Women Like Being Valued for Sex, as Long as it is by a Committed Partner - BinaryIdiot
http://www.ncbi.nlm.nih.gov/pubmed/26626185
======
radio4fan
I'm expecting a strong correlation with my upcoming study "Women Like Their
Partners to Spend Time Hanging Out With Their Buddies, as Long as it is by a
Committed Partner", and its follow-ups "Women Like Their Partners to Tinker
With Their Motorcycles, as Long as it is by a Committed Partner", and "Women
Will Put Up With a Load of Stuff From a Committed Partner Which They Otherwise
Wouldn't".

Eventually I hope to get funding for "Newly Married Women Who Feel Their
Partner is Uncommitted Dislike Pretty Much Everything That Person Does".

------
brchsiao
Social creatures like being valued. What they don't like about being
objectified is having everything else about them disregarded. I hope it's not
callously dismissive to ask: what new, surprising thing does this article tell
us about the universe?

------
erikpukinskis
The abstract provides zero information. There is some effect, apparently.

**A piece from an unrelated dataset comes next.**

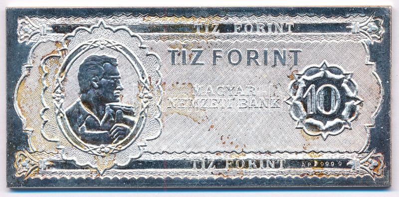 1996. "1946. 10Ft" jelzett Ag bankjegy veret (48,29g/0.999/... https://www.darabanth.com/de/392-Fernauktion/392.0/Numismatik/Ungarische-Gedenkmunzen-Plaketten~2000009/1996-1946-10Ft-jelzett-Ag-bankjegy-veret-48-29g099937-5x80mm-TPP-patina~II2369168

Who
knows how big. For all we know 51% of women match the headline, compared to
50% of men.

Yet to the world, the news is "women like this".

Apparently I would have to pay $40 of I wanted to know the truth.

Because Academia is not a business.

------
pdex
Another "Well DUH!" moment in scientific research. I wonder who's grant money
got pissed away to report the obvious.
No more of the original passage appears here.